### Given information
╔══

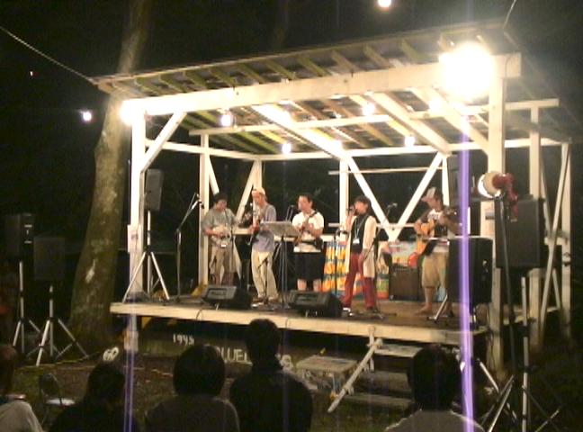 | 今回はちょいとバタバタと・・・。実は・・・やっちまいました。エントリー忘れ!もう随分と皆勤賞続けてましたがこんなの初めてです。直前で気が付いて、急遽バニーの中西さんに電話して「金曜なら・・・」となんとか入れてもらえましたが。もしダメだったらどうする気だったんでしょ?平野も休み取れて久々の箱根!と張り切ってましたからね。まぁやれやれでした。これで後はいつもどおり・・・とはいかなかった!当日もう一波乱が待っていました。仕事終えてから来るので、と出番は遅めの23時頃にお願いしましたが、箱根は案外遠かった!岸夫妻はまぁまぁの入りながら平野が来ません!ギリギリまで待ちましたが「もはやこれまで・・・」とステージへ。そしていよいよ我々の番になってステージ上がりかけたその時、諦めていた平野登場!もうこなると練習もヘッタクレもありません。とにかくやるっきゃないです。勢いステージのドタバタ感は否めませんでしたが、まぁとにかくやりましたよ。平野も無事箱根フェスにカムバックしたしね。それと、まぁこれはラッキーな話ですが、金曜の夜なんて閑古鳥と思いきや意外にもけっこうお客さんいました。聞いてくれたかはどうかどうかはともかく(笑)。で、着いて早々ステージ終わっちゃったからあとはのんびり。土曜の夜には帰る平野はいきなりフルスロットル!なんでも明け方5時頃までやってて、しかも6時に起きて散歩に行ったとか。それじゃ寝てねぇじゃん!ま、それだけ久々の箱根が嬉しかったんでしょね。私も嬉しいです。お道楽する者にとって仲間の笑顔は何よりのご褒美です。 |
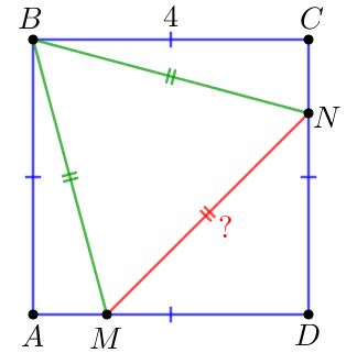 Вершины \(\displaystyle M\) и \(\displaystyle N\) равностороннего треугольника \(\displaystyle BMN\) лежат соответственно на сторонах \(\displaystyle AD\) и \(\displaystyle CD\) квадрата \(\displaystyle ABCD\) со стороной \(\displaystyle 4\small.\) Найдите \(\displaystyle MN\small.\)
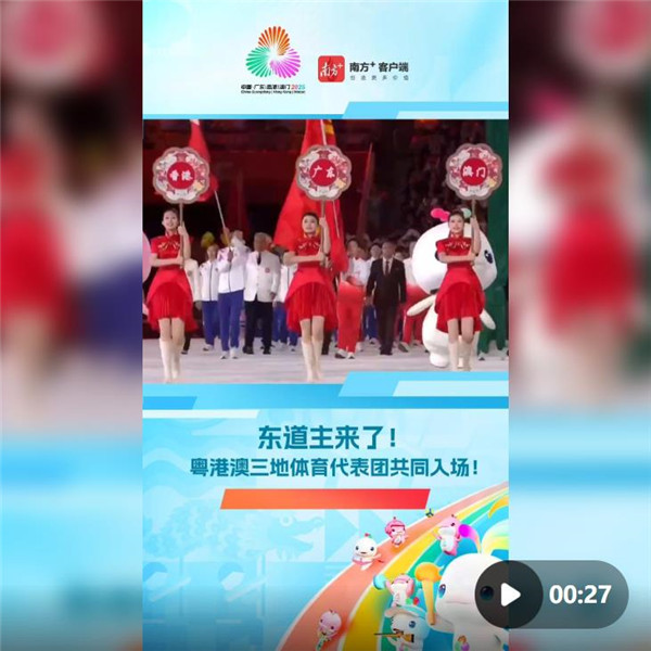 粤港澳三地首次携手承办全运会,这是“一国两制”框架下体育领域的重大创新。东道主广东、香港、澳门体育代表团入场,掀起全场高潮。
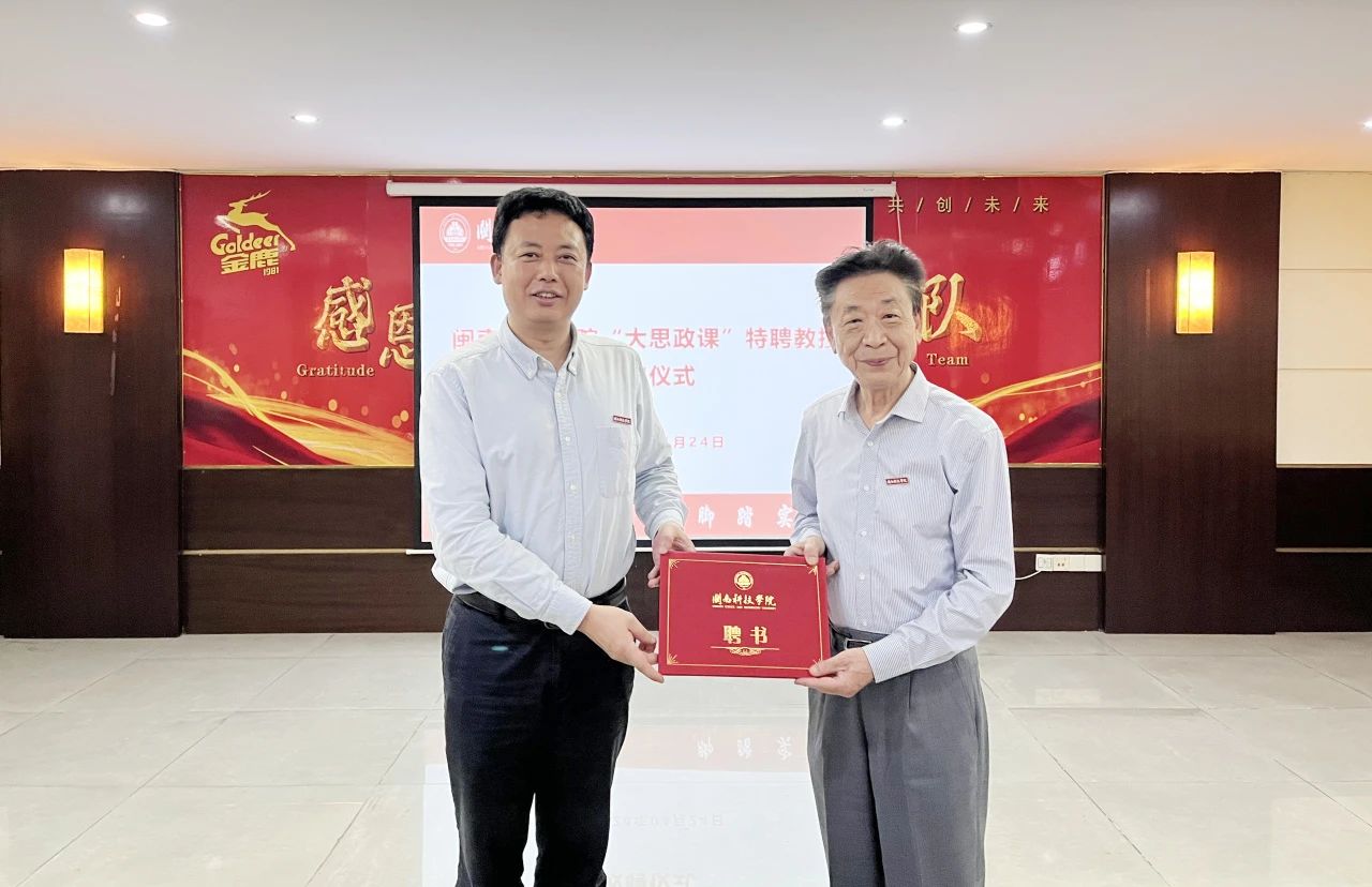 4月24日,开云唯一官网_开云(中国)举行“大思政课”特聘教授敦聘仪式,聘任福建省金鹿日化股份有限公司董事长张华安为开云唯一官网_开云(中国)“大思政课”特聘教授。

╚══

### What to work on
Only the pictures stay behind; everything else in the data above is to be retyped exactly.

### Answer
 | 今回はちょいとバタバタと・・・。実は・・・やっちまいました。エントリー忘れ!もう随分と皆勤賞続けてましたがこんなの初めてです。直前で気が付いて、急遽バニーの中西さんに電話して「金曜なら・・・」となんとか入れてもらえましたが。もしダメだったらどうする気だったんでしょ?平野も休み取れて久々の箱根!と張り切ってましたからね。まぁやれやれでした。これで後はいつもどおり・・・とはいかなかった!当日もう一波乱が待っていました。仕事終えてから来るので、と出番は遅めの23時頃にお願いしましたが、箱根は案外遠かった!岸夫妻はまぁまぁの入りながら平野が来ません!ギリギリまで待ちましたが「もはやこれまで・・・」とステージへ。そしていよいよ我々の番になってステージ上がりかけたその時、諦めていた平野登場!もうこなると練習もヘッタクレもありません。とにかくやるっきゃないです。勢いステージのドタバタ感は否めませんでしたが、まぁとにかくやりましたよ。平野も無事箱根フェスにカムバックしたしね。それと、まぁこれはラッキーな話ですが、金曜の夜なんて閑古鳥と思いきや意外にもけっこうお客さんいました。聞いてくれたかはどうかどうかはともかく(笑)。で、着いて早々ステージ終わっちゃったからあとはのんびり。土曜の夜には帰る平野はいきなりフルスロットル!なんでも明け方5時頃までやってて、しかも6時に起きて散歩に行ったとか。それじゃ寝てねぇじゃん!ま、それだけ久々の箱根が嬉しかったんでしょね。私も嬉しいです。お道楽する者にとって仲間の笑顔は何よりのご褒美です。 |
 Вершины \(\displaystyle M\) и \(\displaystyle N\) равностороннего треугольника \(\displaystyle BMN\) лежат соответственно на сторонах \(\displaystyle AD\) и \(\displaystyle CD\) квадрата \(\displaystyle ABCD\) со стороной \(\displaystyle 4\small.\) Найдите \(\displaystyle MN\small.\)
 粤港澳三地首次携手承办全运会,这是“一国两制”框架下体育领域的重大创新。东道主广东、香港、澳门体育代表团入场,掀起全场高潮。
 4月24日,开云唯一官网_开云(中国)举行“大思政课”特聘教授敦聘仪式,聘任福建省金鹿日化股份有限公司董事长张华安为开云唯一官网_开云(中国)“大思政课”特聘教授。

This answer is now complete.